Although the State Court judgment for punitive damages indicates that Defendants' actions were either willful or malicious, it fails to establish, by a preponderance of the evidence, that the taking of the money was malicious. Malice may be implied by the willfulness of Defendants' actions. See Brown, 331 B.R. at 251. Such determination requires an examination of the subjective intent of Defendants. Id.; see also Geiger, 523 U.S. at 61–62, 118 S.Ct. 974. The question of whether Defendants acted maliciously was not fully adjudicated in the State Court proceedings. The record, therefore, is insufficient to establish that Defendants intentionally and maliciously injured Plaintiff's property for the purposes of summary judgment. Collateral estoppel does not preclude this Court from adjudicating whether Defendants acted willfully and maliciously; therefore the Court finds that a genuine issue of material fact exists between the parties and summary judgment will not be granted based on § 523(a)(6).
The jury instructions stated that the jury could award additional punitive damages if the jury believed Defendants “acted in actual malice towards the [Plaintiff] or acted under circumstances amounting to willful and wanting disregard for [Plaintiff's] rights.” Transcript of Record at 198–99, Foreign Affairs Servs., Inc. v. Pittman, No. CL08000150–00 (Va. Cir.

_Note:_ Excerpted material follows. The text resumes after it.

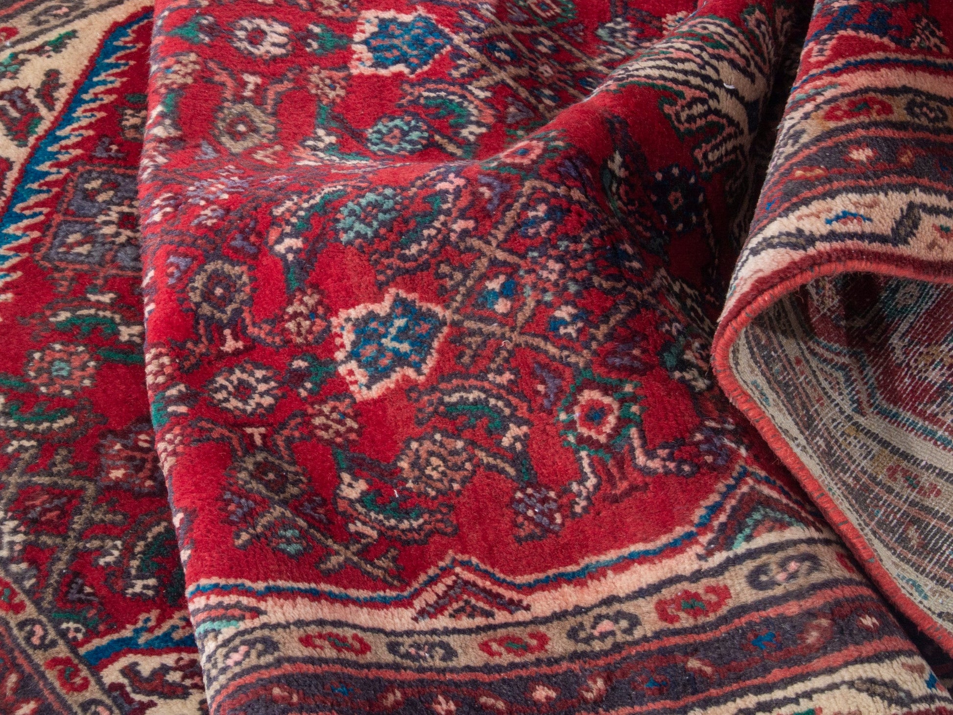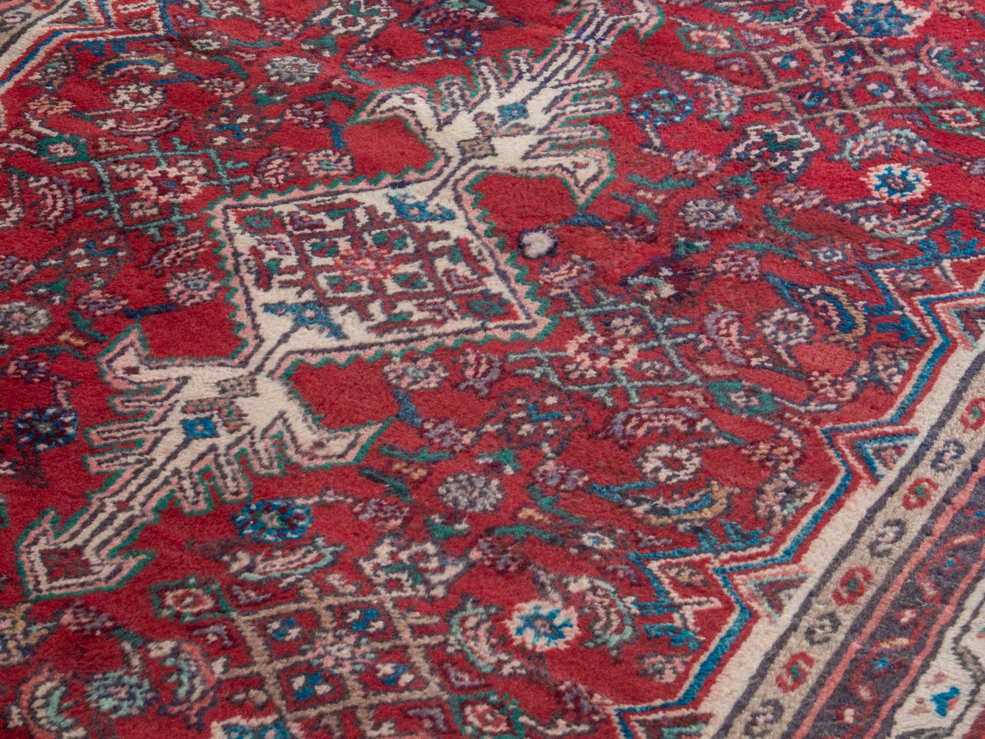 All the rugs we sell are professionally washed and cleaned; age-related wear and natural inconsistencies are inherent in these unique, handcrafted vintage rugs.

Ct. June 26, 2009) (emphasis added).
Conclusion
For the reasons stated above, Foreign Affairs has shown that no genuine issue of material fact exists and that it is entitled to judgment as a matter of law pursuant to §§ 523(a)(2)(A) and 523(a)(4). Under both provisions, Foreign Affairs' judgment for $32,877.40 is nondischargeable. A genuine issue of material fact exists between the parties concerning the willful and malicious nature of the Pittmans' actions. Summary judgment is not appropriate under § 523(a)(6). Accordingly, it is
ORDERED
That Foreign Affair's Motion for Summary Judgment Pursuant to Federal Rule of Bankruptcy Procedure 7056 is hereby GRANTED and the judgment of the Circuit Court of Augusta County in the amount of $32,877.40 is nondischargeable.
Copies of this Decision and Order are directed to be sent to counsel for the Plaintiff, Dana R. Cormier, Esquire, and counsel for the Defendants, Preston B. Hicks, Esquire.